В выборе поэтической антологии каждый путешественник должен следовать своему вкусу. Моей любимой стала «Книга избранных стихотворений и песен, предназначенных для отдыха и прогулок» Эдварда Томаса. Томас был человеком широкого кругозора и отличного вкуса, удивительно одаренным. Из многочисленного племени современных версификаторов, которые бормочут что-то невнятное о зеленых лугах, Томас — один из немногих, едва ли не единственный, кто является настоящим «певцом природы» (выражение не самое подходящее, но другого у меня нет) по праву рождения и умению добиться симпатии и понимания. Не все, кричащие «Господи! Господи!», войдут в царствие небесное; тем более немногие, кричащие «Ку-ку! Ку-ку!», допускаются в компанию «певцов природы». В качестве доказательства я советую моим читателям обратиться к любому из многочисленных томов поэзии георгианской эпохи.
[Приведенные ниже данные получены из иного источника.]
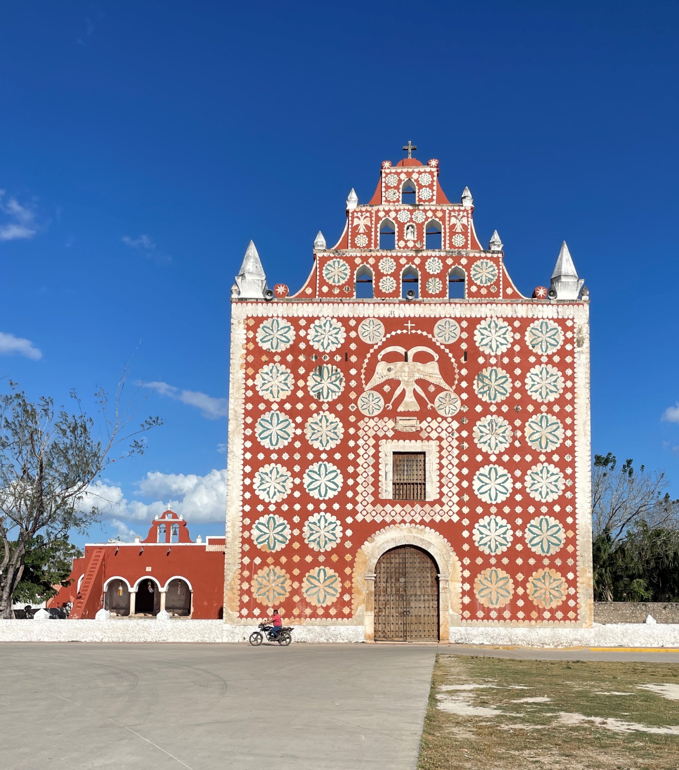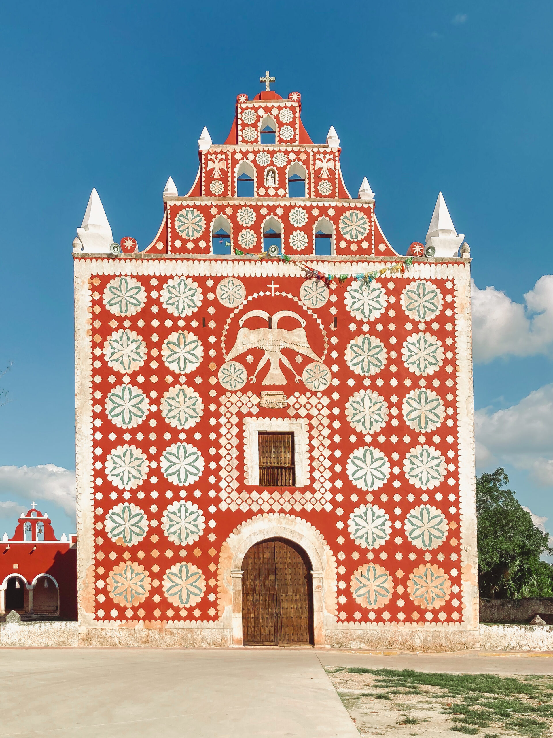When Spanish Franciscans completed this church in 1646, they faced an unexpected problem: the Maya villagers refused to enter. In traditional Maya religion, only priests could enter sacred temples- commoners who crossed the threshold faced death. It took Catholic priests over a century to convince locals they wouldn’t be killed for stepping inside. The double-headed eagle above the door tells this story of collision: officially Habsburg Spain, but perhaps also a nod to Maya eagle symbolism, where dual heads represent contemplation between good and evil.

Но, помимо поэзии, я рекомендовал бы путешественникам сборники афоризмов или максим. Если они хороши — а они должны быть по-настоящему хороши, так как нет ничего отвратительнее «Великой Мысли», принадлежащей автору, у которого нет и намека на величие, — то лучшего чтения и желать нельзя. Максима читается за несколько секунд, зато на нескольких часов дает богатую пищу для размышлений. И тут никто не сравнится с Ларошфуко. Что касается меня, то я всегда оставляю левый нагрудный карман для малоформатного издания «Максим». Эта книга бездонна и бесконечна. Пройдя целый месяц из своего жизненного пути и приобретя новые знания, читатель обязательно найдет в ней для себя что-то большее. Ларошфуко знал о человеческой душе почти все, так что практически каждое открытие человек может делать, обращаясь к помощи Ларошфуко, который имел величайший дар коротко и элегантно формулировать свои умозаключения. Повторяю, Ларошфуко «почти» все знал о человеческой душе, потому что очевидно, что он не мог знать все. Ему было известно все о душе смертного как общественного субъекта. Однако ему ничего или почти ничего не известно о человеке, когда тот остается один на один с самим собой — когда его не интересуют общественные радости и успехи, столь важные для Ларошфуко. Если же нам захочется узнать что-нибудь о человеке, оставшемся наедине с самим собой, о его отношениях не с другими людьми, а с Богом, то придется обращаться к другим источникам — например, к Евангелиям или романам Достоевского. А вот человек как существо общественное никогда не был описан детальнее, никогда не был проанализирован лучше, чем в «Максимах» Ларошфуко. Естественно, и у него афоризмы бывают разные, однако лучшие — и таких на удивление много — глубоки и основательны. В них заложен богатый жизненный опыт автора. В одной фразе Ларошфуко так много материала, что другому его хватило бы на целый роман. Кстати, меня не удивило бы, если бы я узнал, что многие романисты обращаются к «Максимам» в поисках сюжета и персонажей. Невозможно, например, читать Пруста и не вспомнить о «Максимах» или читать «Максимы», не вспомнив о Прусте.
По-моему, для путешествий также подходят афористические произведения Ницше. У фраз Ницше много общего с максимами Ларошфуко; они так же основательны и откровенны. Его лучшие афоризмы — это размышления, спрессованные в одну фразу. Над ними можно размышлять часами, потому что они многое подразумевают. Этим хорошие афоризмы отличаются от простеньких эпиграмм, интересных лишь своей меткостью. Мы удивляемся, читая эпиграмму, и получаем удовольствие, но проходит минутное удивление, и интерес к эпиграмме остывает. Во второй раз та же шутка уже не звучит. А вот афоризм — плод не одного только остроумия. Его эффект не столь мимолетен, более того, чем дольше мы о нем размышляем, тем значительнее он нам представляется.